NT Labor too have changed their rhetoric, promising to repeal many of the draconian laws introduced under the CLP and to revisit the question of local Aboriginal councils. Their eyes are firmly on an NT election scheduled for late August, which they are predicted to comfortably win.

But Labor have yet to offer any account for the central role they played in implementing the NT Intervention.

They are just as implicated in the Don Dale atrocities as the Liberals. Much of the abuse happened when Labor were in Government in the NT and Federally.

Jenny Macklin was Commonwealth Indigenous Affairs Minister in 2012 when the first report from the NT Children’s Commission detailing the brutalisation of Dylan Voller was given to government.

Rather than act to end the abuse, in 2012 she moved ahead with implementing the “Stronger Futures” legislation that will see the Intervention continue for a further ten years. Forcing Labor to abandon support for “Stronger Futures” remains a crucial task for the Aboriginal rights movement.

The Royal Commission itself will certainly expose more horrors.

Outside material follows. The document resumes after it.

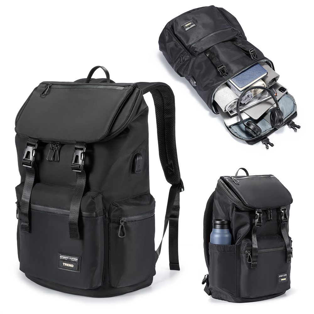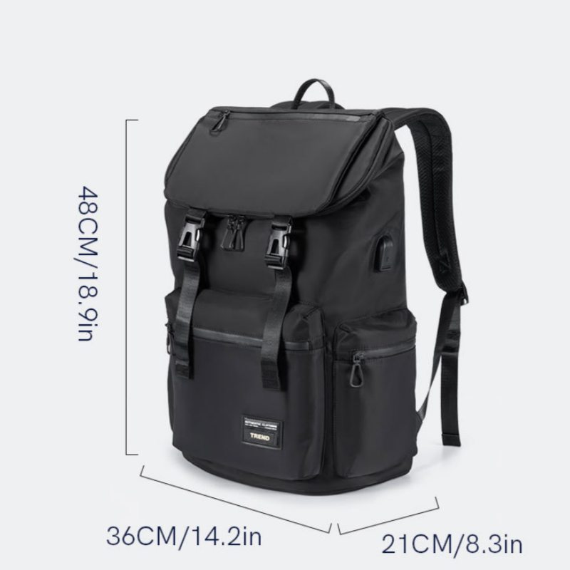 This backpack, marked with TREND, features a functional style and is available in multiple colors (black, gray, khaki, etc.). It measures 48×36×21 cm, with ample internal space to hold laptops and daily necessities; externally, it is equipped with multiple pockets (main pocket, front pocket, side pockets) for classified storage; the shoulder straps are designed with breathable padding for comfortable carrying; the flip cover + buckle closure combines practicality and design, suitable for commuting, outdoor and other scenarios.

But it will do nothing to deliver meaningful change.

Both the NT Intervention and NT government policies systematically breach the recommendations of the Royal Commission into Aboriginal deaths in custody which ran from 1987 to 1991. It argued that Aboriginal self-determination and serious investment in community controlled development was needed to end the mass incarceration of black children and adults alike.

The Bringing Them Home report in 1997 was also the product of wide consultations with Aboriginal communities on issues of both child protection and juvenile justice. It found that both of these systems were creating similar dynamics to the Stolen Generations of the 20th Century. The report said:

“Our principal finding is that self-determination for Indigenous peoples provides the key to reversing the over-representation of Indigenous children in the child welfare and juvenile justice systems of the States and Territories and to eliminating unjustified removals of Indigenous children from their families and communities… not a single submission to the Inquiry from Indigenous organisations saw intervention from welfare departments as an effective way of dealing with Indigenous child protection needs”.

Grandmothers Against Removals, who have been fighting to bring Aboriginal children back to their families since 2014, issued a statement in the wake of Four Corners calling for national unity around this program:

“Bringing them Home was clear about the solution to the problem of contemporary removal of Indigenous children—Aboriginal control of Aboriginal child welfare and youth justice. Close down the child prisons. End the control mainstream welfare agencies have over Aboriginal families. Invest serious resources into community controlled support services, infrastructure and positive opportunities to deal with family crises.”

The hard reality is that no government left to their own devices will implement such a policy, no matter how badly it is needed to alleviate the suffering of children. Capitalism in Australia is intensely hostile to Aboriginal self-determination. It wants Aboriginal communities broken and disorganised, fearing the threat of a confident black movement that can expose the true history of this country and fight for land and justice. Any change will only come through struggle.

Adam Giles says that the NT government will build a new child prison to replace Don Dale. We need to ensure that this prison is never built and the money is invested in communities.

We need to rebuild the mass support for Aboriginal self-determination seen in the 1970s and 80s that won the limited land rights that exist today and established community controlled organisations—all gains that have been beaten back by the Intervention and associated policies.

Consistent mobilisation through the Royal Commission process can unite Aboriginal organisations and social justice groups and should aim to mobilise serious union power. Already in the NT, the Maritime Union of Australia has played a leading role in the response to Don Dale.

The youth brutalised in Don Dale have shown incredible strength, fighting for freedom while on the inside and speaking up against injustice once released. Many more, including Dylan Voller, are still locked up, at serious risk and struggling for freedom. They need our urgent support.